In a tiny corner of his mind, Max knew that he wouldn’t have a better chance to run than right then when the tree had turned to deal with Mineau where she lay prone in the leaves and dirt of the jungle floor. But the thought didn’t occur to him as a real possibility. Not yet. He had a window of opportunity, but he needed to keep open for wider for Mineau. It seemed that the tree focused its attacks not on the assailant that was nearest, but on whoever had hit it last. He’d hit it with fire while it was growing, so it had come after him. Mineau had hit it with her club, so it had turned to deal with her. If Max hit it now with fire, he could get it to turn away from Mineau while he continued to back up, and then they could both escape.
As the palm tree bent over Mineau and raised both limbs over its head, Max raised his hand and sent a fire bolt streaking toward the back of the tree’s trunk. To his surprise, the flame burst through the blue shield that appeared to intercept it, struck the gray bark of the palm’s trunk, and blossomed into a red and orange cloud of heat. The tree shrieked and jerked upright as the smell of superheated sap and burning wood filled the clearing.
“Run!” Max shouted, already backing toward the edge of the clearing.
Mineau scrambled to her feet, but took only a few steps backward, staying well within striking distance as she watched the tree writhe in pain.
“Hit it again,” she said, gesturing at the tree with her club. Her eyes snapped to Max’s face as he opened his mouth to protest. “Now!”
Something in her expression, in her tone of voice, reassured him. He didn’t hear panic or a self-protective demand for him to kill the thing that loomed over her. There was urgency in her voice, but it felt like the command of a person who had a better understanding of the situation than he did. And he was telling him to act.
The palm tree, smoking but no longer aflame, appeared to gather itself. In its flailing reaction to his fire bolt it had half turned in his direction, but when Mineau shouted, it seemed to look from him back to her. Max imagined the momentary flash of its alien thinking, trying to determine which threat to resolve first, which of them it could turn its back on. When it leaned toward Mineau and lifted one green, smoldering branch, Max moved without thinking and hit it again with a bolt of fire.
As the fire bolt struck the tree, a section of its trunk exploded outward with a sharp, splintering crack that made Max duck and throw both arms in front of his face. When he looked again the tree had gone still. A jagged rupture, leaking steam, ran up its side and flames were working their way along the monster’s limbs and up into its fan-like crown. Max felt his shoulders sag in relief at the tree’s death cry boomed outward in a sphere of expanding force, rippling through the smoke rising off its branches. Angry cries rose out of the jungle in answer to the tree’s death.

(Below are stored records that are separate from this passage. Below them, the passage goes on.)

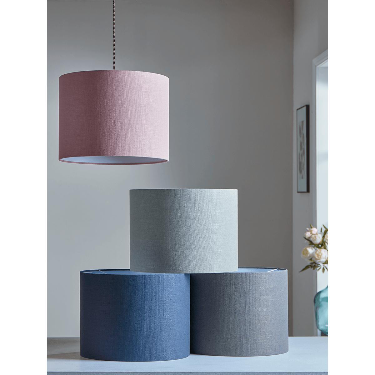 Bring a touch of elegance to your home with our Large Cotton Shades. The shade is carefully crafted from cotton and features a white inner that will radiate a soft glow in your living space. Our stylish and versatile lampshade will make an eye catching addition to your favourite table lamp or ceiling pendant. These shades are available in 4 colours, Pale Blush, Eau de Nil, Soft Grey and Deep Navy.
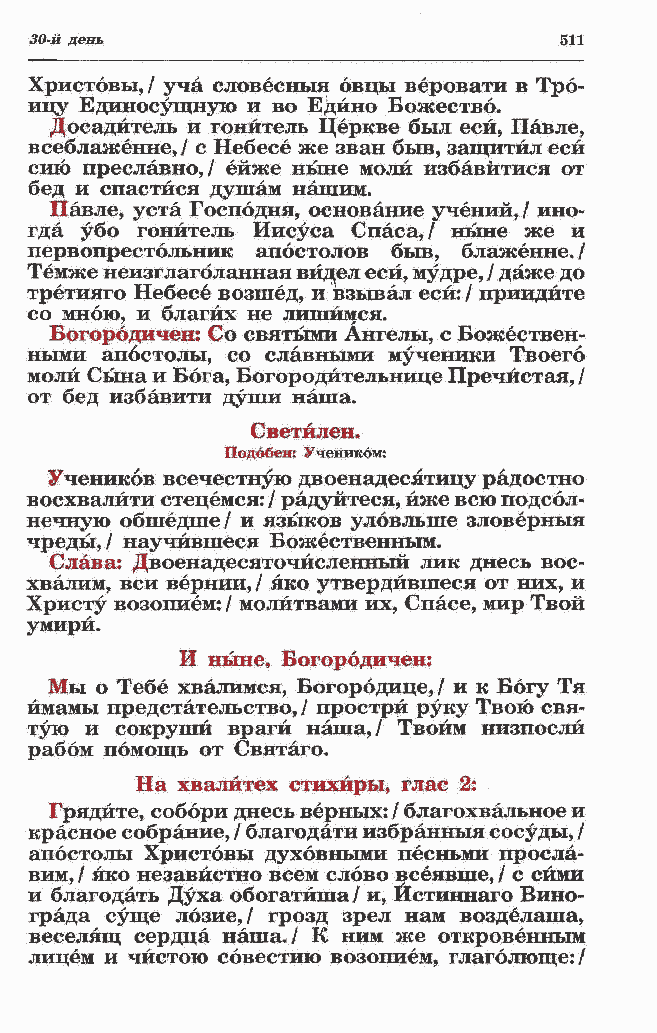 гда убо гонитель Иисуса Спаса,/ ныне же и первопрестольник апостолов быв, блаженне./ Темже неизглагбланная видел еси, мудре, / даже до третияго Небесе возшед, и взывал еси: / приидйте со мною, и благих не лишимся. Богородичен: Со святыми Ангелы, с Божествен-
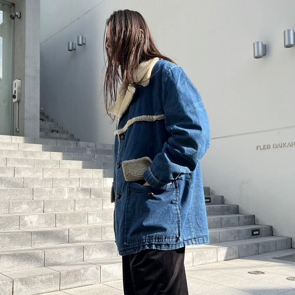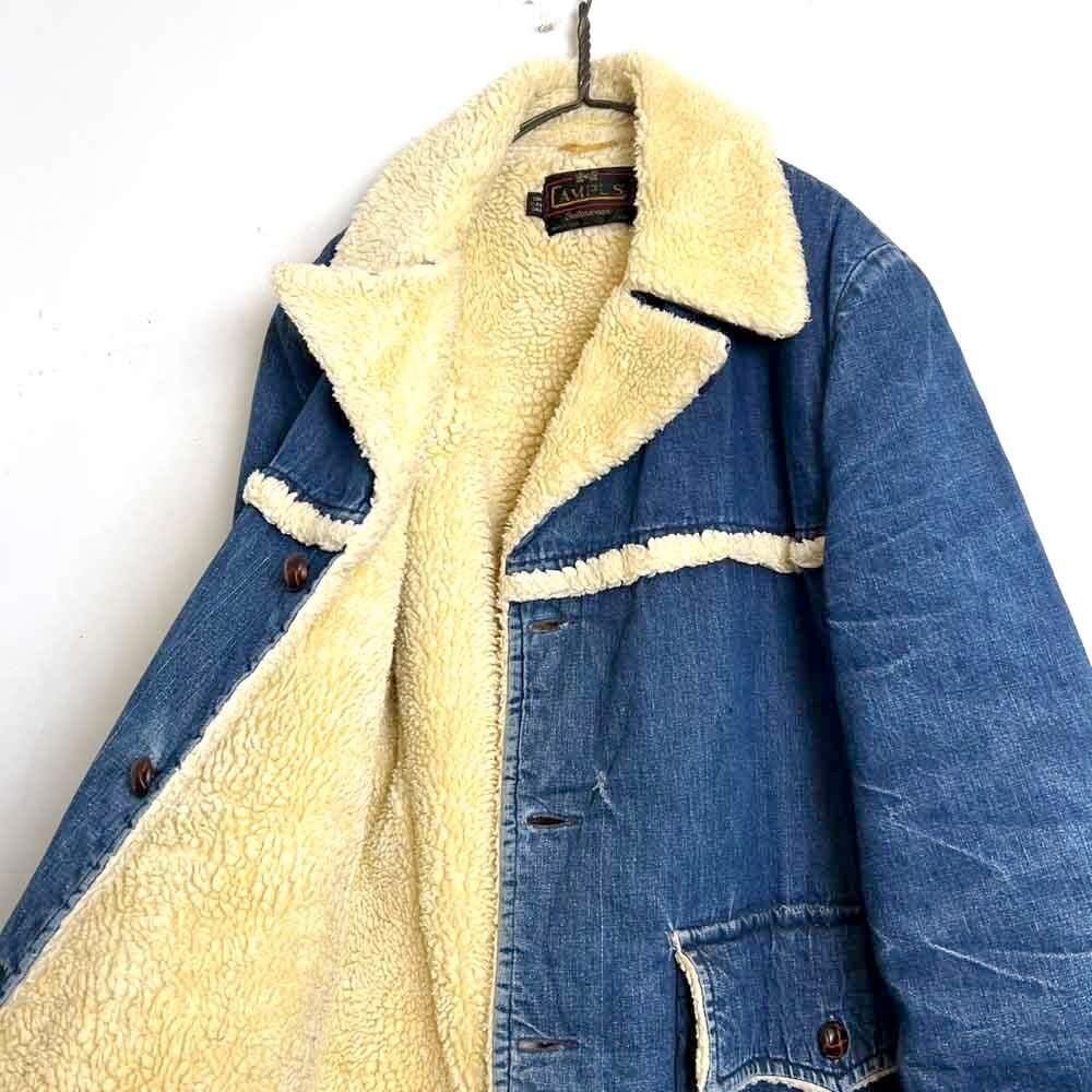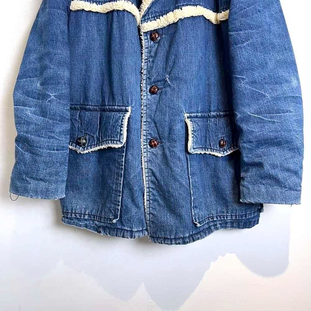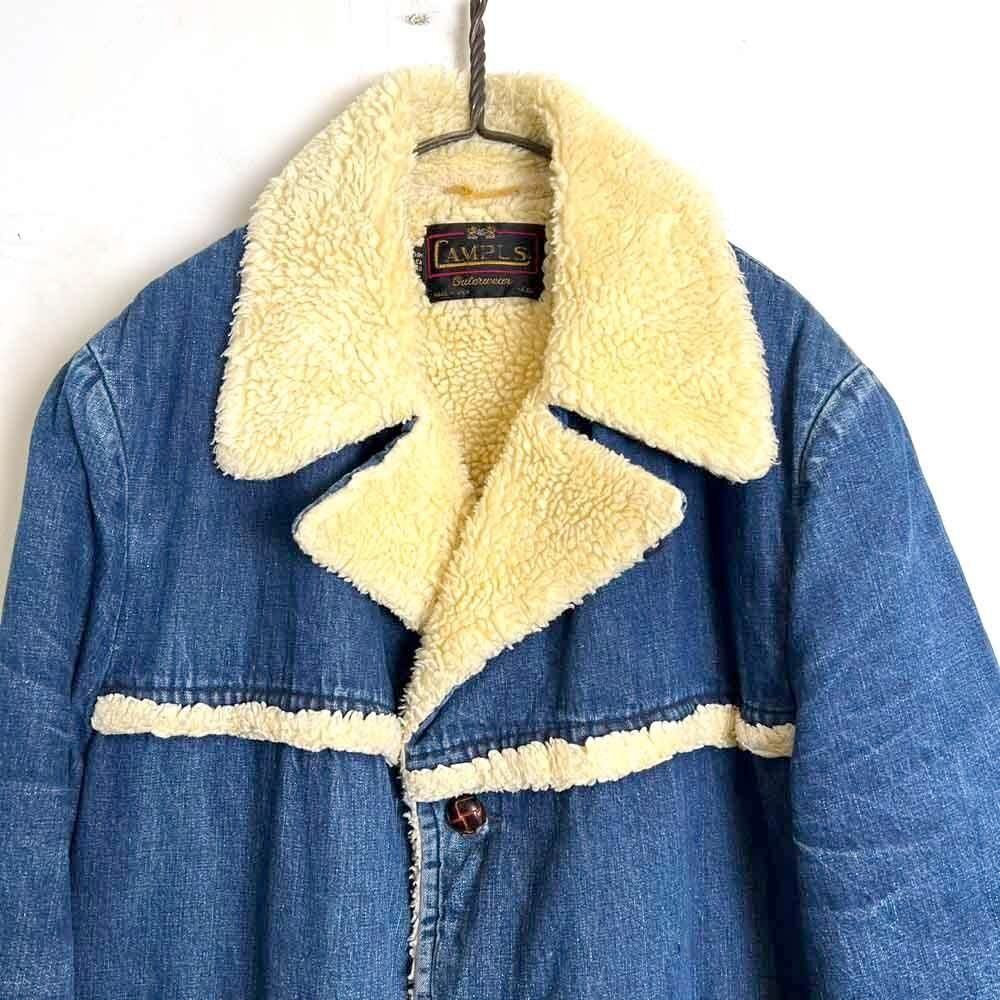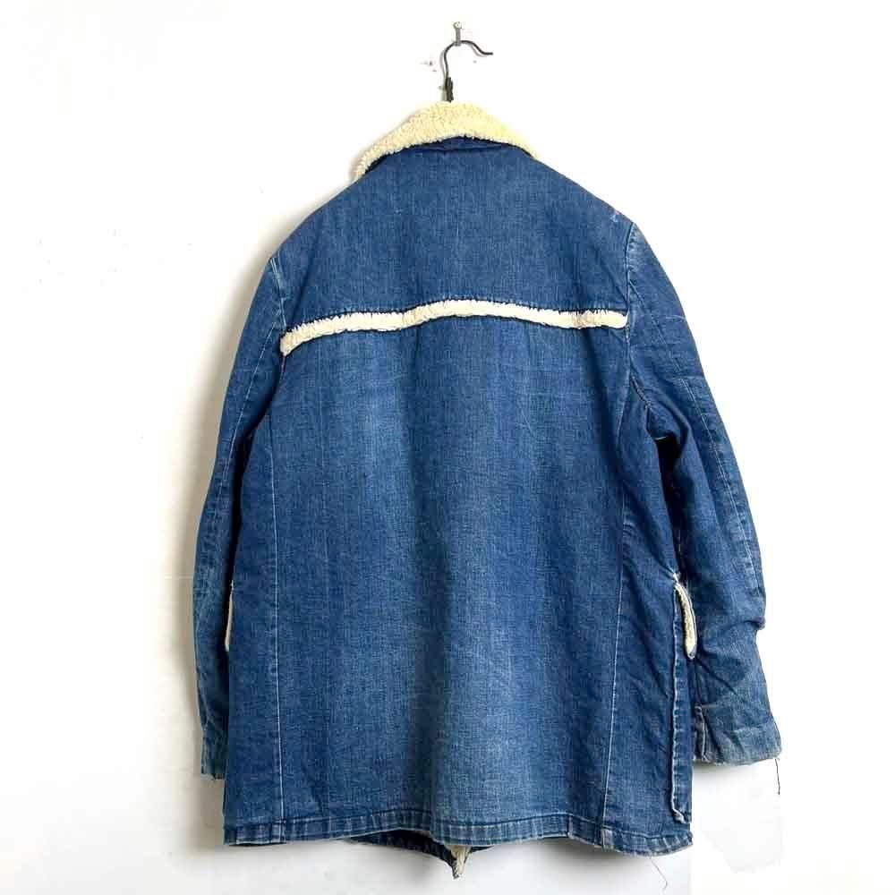 This 70s canvas boa-lined denim jacket is a lunch coat-style design. The beautifully faded blue denim and voluminous boa create a stylish look. Its a size 46 and fits comfortably with a comfortable fit.

Max smiled weakly at Mineau. “We did it.”
Mineau smiled back brightly, triumphantly, looking much better than Max felt. Then her smile vanished as the palm tree shifted and began to topple in her direction. She took two steps, then dove out of the way as the tree fell. Behind her, the tree crashed into the earth and Max watched, mouth hanging open, as the earth beneath it sagged and collapsed with a roar. Nearby, the entrance to the hideaway coughed out a cloud of dirt and debris as the mosaic room filled with rubble.